(DATASET EXCERPTS Opens)

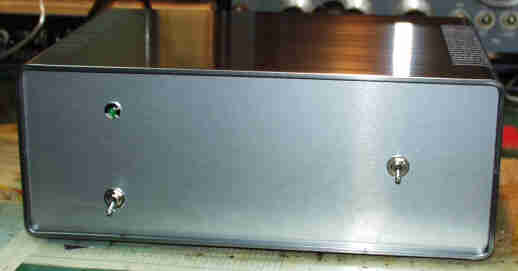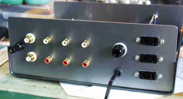 次に、ケース加工に入ります。端子やスイッチ類の穴あけが中心です。トランスとイコライザ基板の配置は、トランスの漏れ磁束の影響を極力避けるべくもっとも離れた配置とします。穴があいたら、部品の取り付けです。前後のパネル、ケースボディ部へそれぞれの部品を取り付けます。プリント基板は、スペーサーで浮かす際に、ゴムブッシングをはさんでインシュレータ代わりにします。振動からくるハウリング対策です。
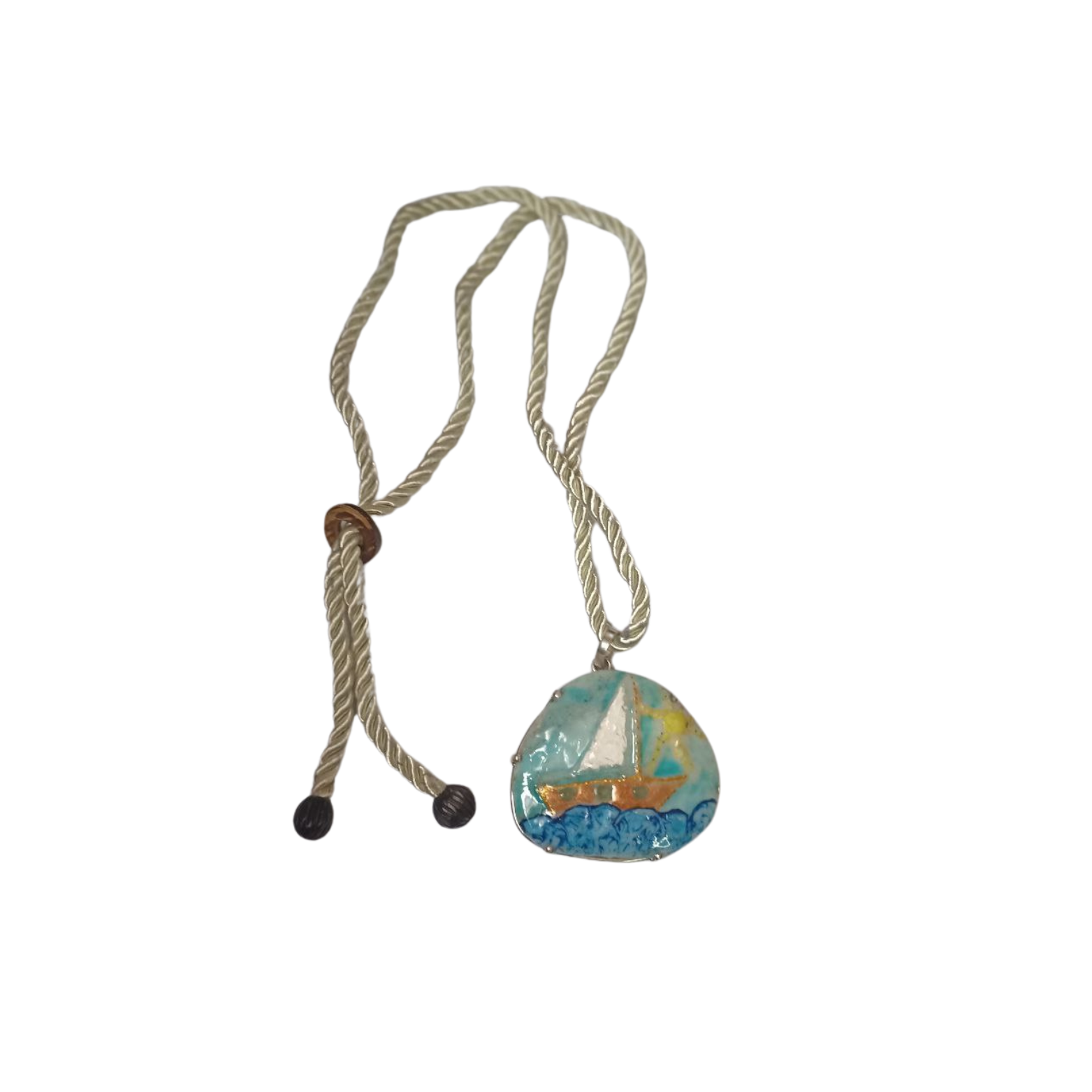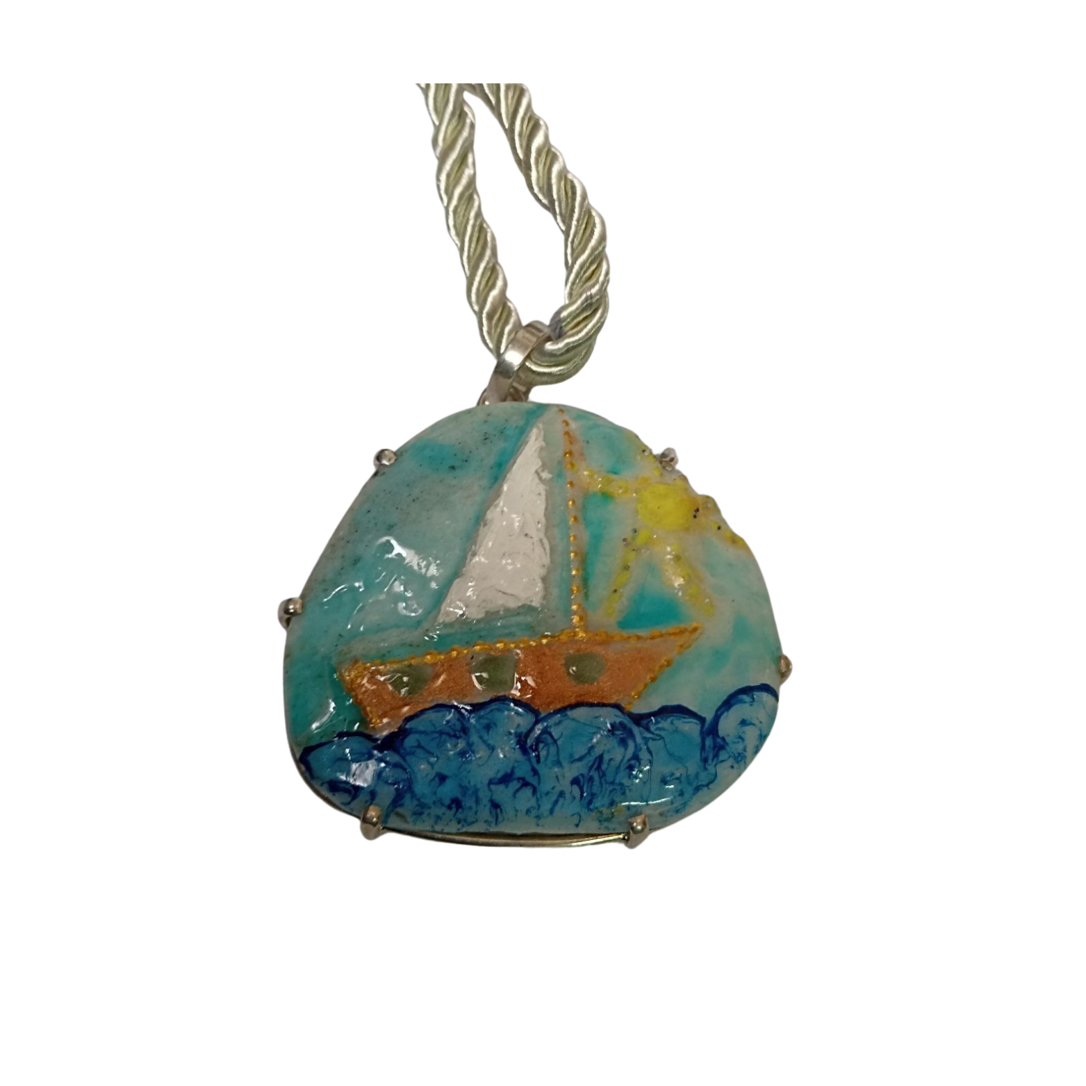 Un colgante único, tallado en una piedra de Andalusia, Costa del Sol. Acabado con resina y engastado en plata de ley 925.
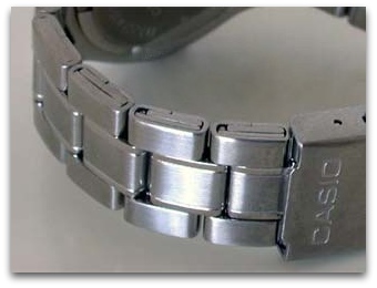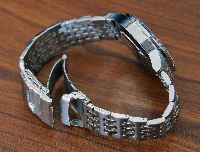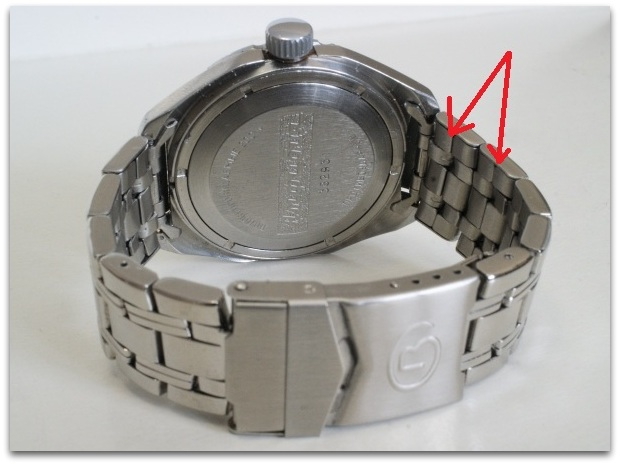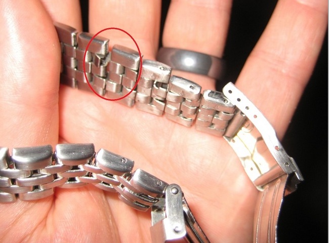 Obratite pažnju na spojeve lima obeležene crvenom strelicom. Iako sa spoljne strane deluje kao narukvica od punog čelika, pažljiv pogled na unutrašnjost otkriva istinu. Ove narukvice, čak i kada su pažljivije izrađene, nisu dugotrajne i uglavnom se sreću na modnim satovima (koji ionako nisu predviđeni za neku dugotrajnu upotrebu) i na starim Vostok Amfibija satovima.
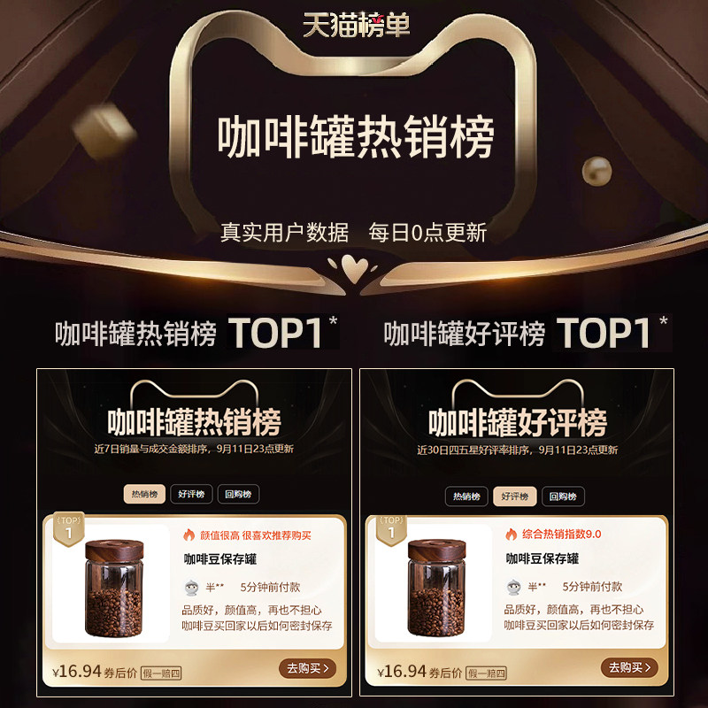川岛屋咖啡豆密封罐食品级玻璃抽真空咖啡粉专用保存罐奶粉储存罐
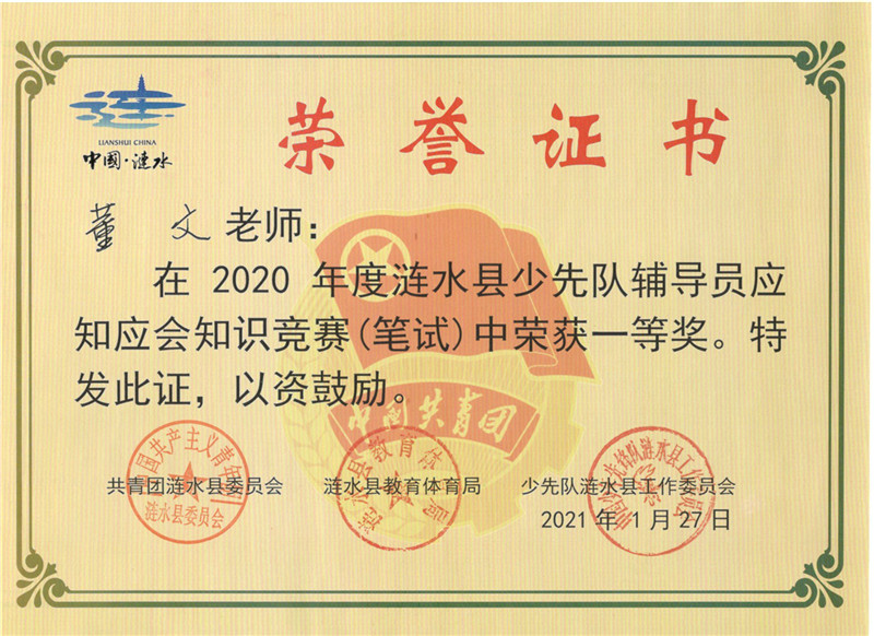 在少先队辅导员应知应会知识竞赛(笔试)中,我校陈姝和董文老师荣获一等奖,朱朝晖主任荣获二等奖
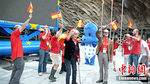 7月12日,西班牙馆工作人员穿上写有“西班牙加油!”的特制的红色T恤挥动西班牙国旗庆祝他们收获的首个“大力神”杯。当天,西班牙馆内小米宝宝还披上了西班牙特制的“围巾”。陈婷婷 摄
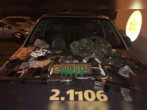 encontrados uma espingarda, uma submetralhadora, um revólver calibre, um

(DATASET EXCERPTS Closes)

▶ [WHAT THE EXERCISE ASKS]: Omit the pictures, then retype the remaining material without a single change.

▶ [RESULT OF THE TASK]:
 次に、ケース加工に入ります。端子やスイッチ類の穴あけが中心です。トランスとイコライザ基板の配置は、トランスの漏れ磁束の影響を極力避けるべくもっとも離れた配置とします。穴があいたら、部品の取り付けです。前後のパネル、ケースボディ部へそれぞれの部品を取り付けます。プリント基板は、スペーサーで浮かす際に、ゴムブッシングをはさんでインシュレータ代わりにします。振動からくるハウリング対策です。
 Un colgante único, tallado en una piedra de Andalusia, Costa del Sol. Acabado con resina y engastado en plata de ley 925.
 Obratite pažnju na spojeve lima obeležene crvenom strelicom. Iako sa spoljne strane deluje kao narukvica od punog čelika, pažljiv pogled na unutrašnjost otkriva istinu. Ove narukvice, čak i kada su pažljivije izrađene, nisu dugotrajne i uglavnom se sreću na modnim satovima (koji ionako nisu predviđeni za neku dugotrajnu upotrebu) i na starim Vostok Amfibija satovima.
川岛屋咖啡豆密封罐食品级玻璃抽真空咖啡粉专用保存罐奶粉储存罐
 在少先队辅导员应知应会知识竞赛(笔试)中,我校陈姝和董文老师荣获一等奖,朱朝晖主任荣获二等奖
 7月12日,西班牙馆工作人员穿上写有“西班牙加油!”的特制的红色T恤挥动西班牙国旗庆祝他们收获的首个“大力神”杯。当天,西班牙馆内小米宝宝还披上了西班牙特制的“围巾”。陈婷婷 摄
 encontrados uma espingarda, uma submetralhadora, um revólver calibre, um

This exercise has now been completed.